Emerging growth company ☐
If an emerging growth company, indicate by check mark if the registrant has elected not to use the extended transition period for complying with any new or revised financial accounting standards provided pursuant to Section 13(a) of the Exchange Act. ☐
Item 5.02. Departure of Directors or Certain Officers; Election of Directors; Appointment of Certain Officers; Compensatory Arrangements of Certain Officers.
On March 19, 2023, the Compensation Committee (the “Compensation Committee”) of the Board of Directors of Repay Holdings Corporation (the “Company”) approved the program terms and performance objectives for annual cash bonuses for 2023 for the Company’s executive officers under each of their respective employment agreements (the “AIP”). Executive officers participate in the AIP at the individual target levels in accordance with their employment agreements. In connection with such AIP approval, the Compensation Committee approved an increase in the individual target level for Jake Moore, the Company’s Executive Vice President, Consumer Payments, from 50% to 75% of base salary. On March 20, 2023, the Company (through its applicable subsidiary) and Mr.

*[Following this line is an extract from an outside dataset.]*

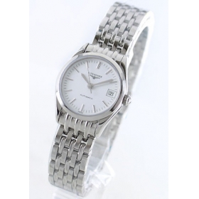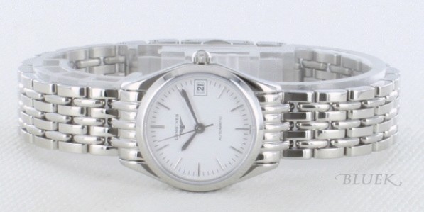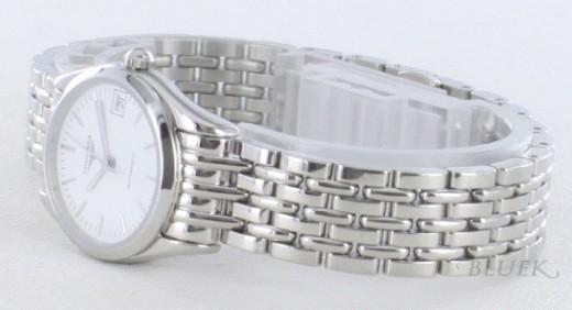 シルバーボディにホワイト文字盤が浮かび、艶やかな7連ブレスがスタンダードに仕上げた時計です。フェイスではシルバーの指針やバーインデックスが時を刻み、わずか24mmサイズが軽快滑らかにフィット。手元をシンプルに包みます。

Moore entered into an amendment to his employment agreement to reflect such increase and to make other corresponding changes reflecting his recent change in responsibilities. A copy of the amendment is filed hereto as Exhibit 10.1 and is incorporated herein by reference. The individual target levels for the other executives range from 50% to 100% of base salary.

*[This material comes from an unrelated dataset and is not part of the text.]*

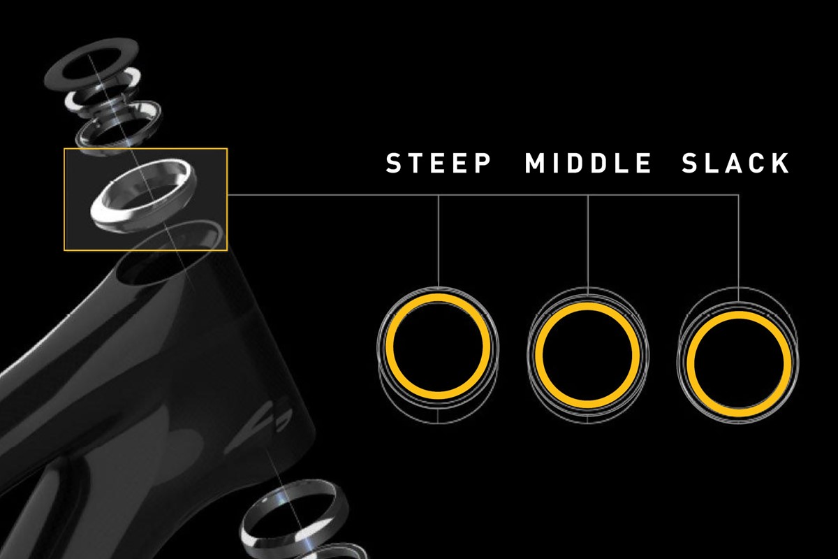 ヘッドアングルは特殊な偏心円型のアッパーヘッドセットカップを回転させて、63度から65.5度にセットできます。

For the performance period of January 1 to December 31, 2023 under the AIP, consistent with past practice, the Compensation Committee established that 75% of the annual bonus amounts would be based upon the achievement of specific Company financial performance goals, with the remaining 25% of the annual bonus amounts based on the achievement of individual performance goals. The applicable metric for the Company financial performance goals is Adjusted EBITDA, except that, for those executive officers who are business unit leaders, the applicable metric for the Company financial performance goals is a combination of Gross Profit attributable to the relevant business unit and Adjusted EBITDA. If performance of any measure does not meet the applicable minimum threshold for that measure, no award will be earned for that measure. If the performance of a measure reaches the applicable minimum threshold, the award earned for that measure will be 50% of the target bonus amount. If the performance of any measure reaches the applicable targeted performance goal, the award earned for that measure will be 100% of the target bonus amount. If the performance of any measure reaches or exceeds the applicable maximum performance goal, the award earned for that measure will be 200% of the target bonus amount. The actual bonus amount earned for results between these percentages will be calculated using straight-line interpolation.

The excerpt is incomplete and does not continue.